What is it about ‘classic’ novels that stipulates they only contain characters who are intrinsically boring or bad people? – and sometimes, shock horror, a person who has the unhappy misfortune to be both boring and bad – a very unappealing combination! I thought this was going to be a book with a carefully woven plot which cleverly and perceptively revealed the feelings of a woman who has chosen her husband badly and lived to regret it; and, on paper, I suppose that’s what this story is about, but I was bitterly disappointed by so many aspects of the book that the plot has been rendered unappealing by belonging to the same pages. Madame Bovary is – no, I won’t mince my words – an ignorant, vain, self obsessed monster of a woman. In fact, she gives women, wives and mothers a thoroughly bad name; and she was created by a man, I can’t help thinking that some woman must have made herself very repugnant to Flaubert to make him create such an abomination. She ponces around the small French towns that the story inhabits thinking only of herself – and, believe me, she has an unaccountably ‘puffed up’ opinion of herself, imagining that life has somehow tricked her out of living the life of a Duchess and robbed her of the beautiful, expensive possessions that she so covets – and eventually buys, at the expense of her baby’s booties. No, not even the birth of a healthy, happy daughter can draw this stubbornly selfish woman out of her own self-obsession. Gradually she is overcome with a seething, vengeful anger towards her somewhat simple, but basically honest and good husband. She sneers at him, blames him for not earning more money with which to buy her fine things and flings herself from one extra marital affair to another. I was both infuriated and angered by her in equal measure from the moment she appeared on the page.

What of the novel’s plot and other characters though? Whilst certainly not inspiring such strong feelings as the eponymous heroine, they also are not what I would call ‘good people’. From Charles Bovary to Homais  (the apothecary in the story) almost every character introduced seems completely self-absorbed and out to further their own cause. Charles, though not an overtly bad person, plods through his life never bothering to consider the world from anyone’s perspective but his own, he is also so easily persuaded to one course or another that at points you simply want to shake him and tell him to use his brain. Where plot is concerned, by another pen perhaps this could have been an engaging story, although perhaps never gripping. It is a simple tale about rural people and their ordinary lives, but there’s no shame in such a plot and, invariably, it is such simple settings and plots which are able to expose the magic of everyday life and the gems found amongst ‘ordinary’ people; but these rewards were not to be gleaned from Madame Bovary, well, not for me, anyway.

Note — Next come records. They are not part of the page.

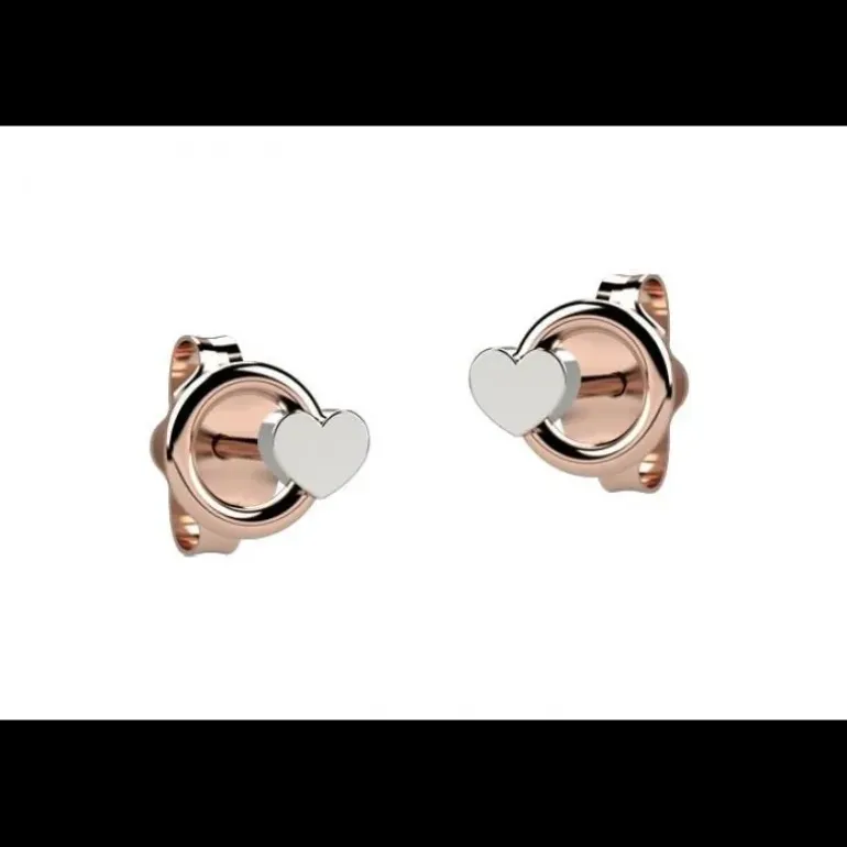 Coppia di orecchini a cerchietto placcati in oro rosa con un dolce cuoricino in argento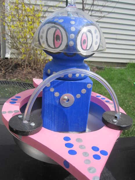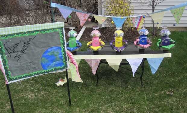 Los aliens están hechos de un poste de 4 x 4 cortado en cinco partes iguales. Cabezas de los aliens son primeros de la valla. El plástico transparente helmuts son tazones de fuente boca abajo plástico helado.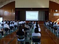 本日の5・6校時に3年生は進路説明会を行いました。保護者の皆様と一緒に進路についての説明を聞いてもらいました。郡内の県立高校の先生をお呼びして、各会場に分かれて各高校の説明も行いました。夏休みの1日体験が実施できなかった高校もあったので、貴重な時間だったと思います。今後の進路決定の参考になれば良いと思います。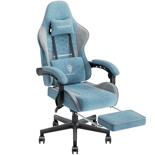 Dowinx Chaise Gaming Ergonomique, Fauteuil Gamer en Tissu Respirant avec Coussin Confortable à Ressorts Ensachés, Siège Gaming Massant avec Appui-Tête et Repose-Pieds Rétractable, 150 kg, Bleu-Gris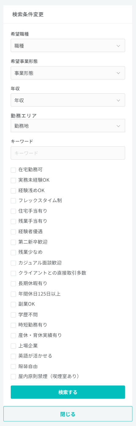 複数条件を選択した場合は、すべてに合致した求人が結果に反映されます。絞込みすぎにはご注意ください。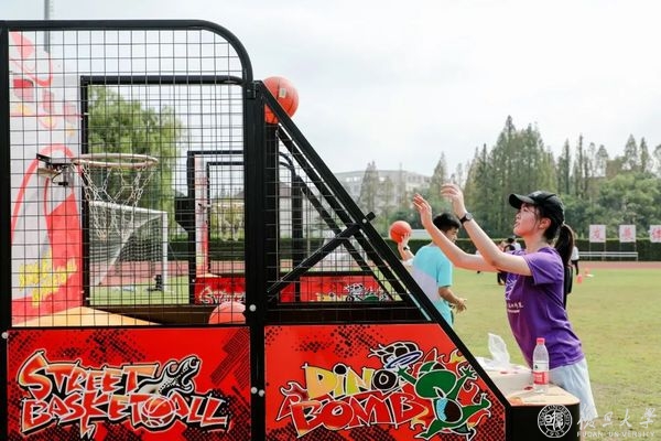 田径场里有丰富多彩的趣味体育活动,篮球机、足球射门、丢沙包、射艺,大家在快乐游戏的同时,也锻炼身体、收获健康。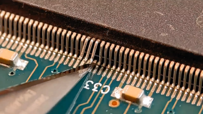 He doesn’t use anything exotic beyond a microscope. Just flux, a simple iron, and a scalpel blade. Oh, and very steady hands. The idea is to heat the joint, gently lift the pin with the blade, and wick away excess solder. If you do it right, you’ll be able to put the pin back down where it belongs later. He makes the sensible suggestion of covering the pad with a bit of tape if you want to be sure not to accidentally short it during testing. Or, you can bend the pin all the way back if you know you won’t want to restore it to its original position.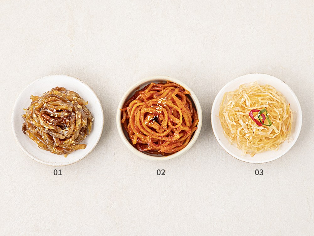 01 쥐포채간장조림 02 진미채 03 오징어채조림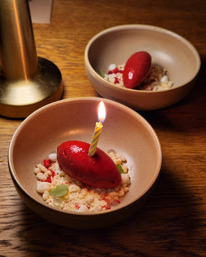 Raspberry Sorbet with milk crumb, buttermilk gel and puffed rice, a very light and tangy finish. love that this wasn't a heavy dessert, and appreciated the lil candle for my early bday celebration 🕯️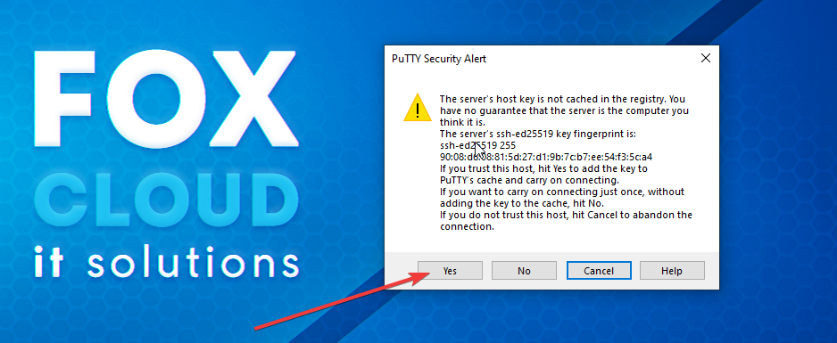 3. To continue click on "Yes" into the opened dialog window (this message appears in order to make "Putty" remember the server or if the IP adress of the server is not similar to that previously remembered by Putty for the given server).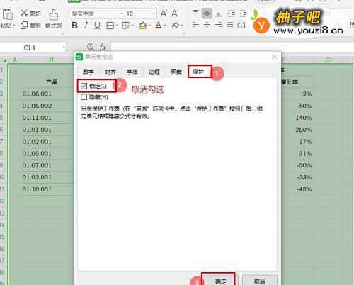 3在“单元格格式”窗口,选择【保护】选项卡,取消勾选【锁定】,点击【确定】;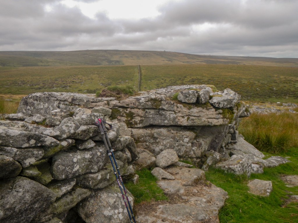 As I approached the tor, a solitary walker came in the opposite direction and there was a further walker sitting eating lunch and perusing his map at the top. I didn’t stop but looked for the path down towards Hugh Lake Foot as I knew that I could cross the North Teign River at that point. Unfortunately when I reached the area there were lots of cows there too. The current relatively low water levels meant that I was able to get across just up stream of where I had planned to cross and climb out of the valley to Stonetor Hill. I sat on the tor, which was incorporated into a stone wall, to eat lunch.

I would not recommend Madame Bovary, unlike The Five People You Meet in Heaven, it presents a very poor picture of humanity and, were one to consider it accurate, could become more than a little depressing. To put it simply…I think people are intrinsically better than this. And ‘classic’ books, well after the last two, I won’t deny I’m becoming a little despondent – maybe I should’ve stuck to Jane Austen and Tolkien after all? But I refuse to be so easily beaten, especially by the horrendous Emma Bovary. If people are better than this, then by that virtue, books should be too. My next book? A slightly more modern one for some variation…Possession: A Romance by A. S. Byatt. Fingers crossed for a woman to be proud of, it’s about time.